What is being asked:
Please write out every line of the listing without alteration, but omit the images.

Exercise data:
◇ ◇ ◇ ◇

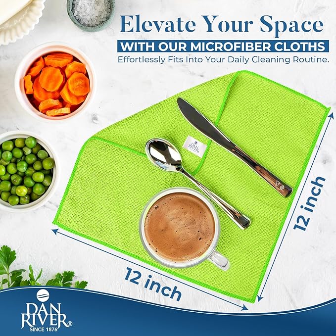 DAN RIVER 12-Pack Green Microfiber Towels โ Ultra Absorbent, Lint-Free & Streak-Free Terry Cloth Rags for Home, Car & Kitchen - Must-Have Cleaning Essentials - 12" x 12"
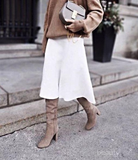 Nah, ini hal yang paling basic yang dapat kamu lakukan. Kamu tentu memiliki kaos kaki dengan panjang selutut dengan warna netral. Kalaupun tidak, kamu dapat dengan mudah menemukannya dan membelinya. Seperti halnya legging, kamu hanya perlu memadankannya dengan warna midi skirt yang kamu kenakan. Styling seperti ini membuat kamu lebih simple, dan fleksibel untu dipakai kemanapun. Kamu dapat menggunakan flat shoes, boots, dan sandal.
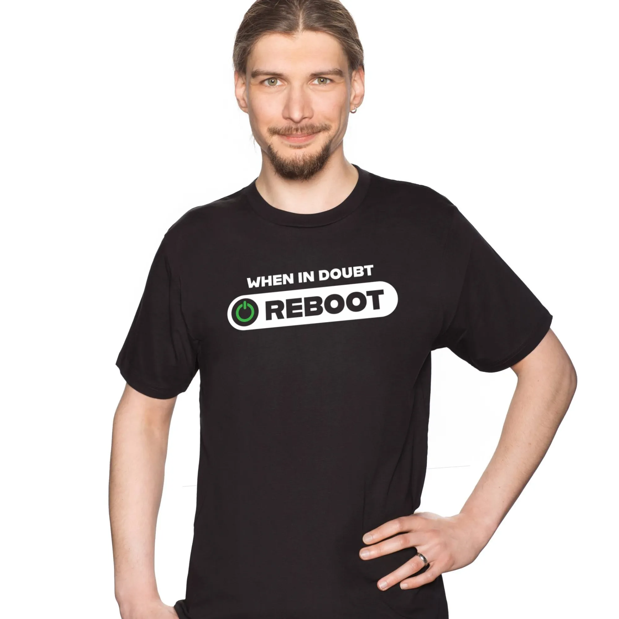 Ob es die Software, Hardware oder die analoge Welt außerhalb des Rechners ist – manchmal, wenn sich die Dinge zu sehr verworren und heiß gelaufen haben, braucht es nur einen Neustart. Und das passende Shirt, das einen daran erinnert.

◇ ◇ ◇ ◇

Exercise output:
 DAN RIVER 12-Pack Green Microfiber Towels โ Ultra Absorbent, Lint-Free & Streak-Free Terry Cloth Rags for Home, Car & Kitchen - Must-Have Cleaning Essentials - 12" x 12"
 Nah, ini hal yang paling basic yang dapat kamu lakukan. Kamu tentu memiliki kaos kaki dengan panjang selutut dengan warna netral. Kalaupun tidak, kamu dapat dengan mudah menemukannya dan membelinya. Seperti halnya legging, kamu hanya perlu memadankannya dengan warna midi skirt yang kamu kenakan. Styling seperti ini membuat kamu lebih simple, dan fleksibel untu dipakai kemanapun. Kamu dapat menggunakan flat shoes, boots, dan sandal.
 Ob es die Software, Hardware oder die analoge Welt außerhalb des Rechners ist – manchmal, wenn sich die Dinge zu sehr verworren und heiß gelaufen haben, braucht es nur einen Neustart. Und das passende Shirt, das einen daran erinnert.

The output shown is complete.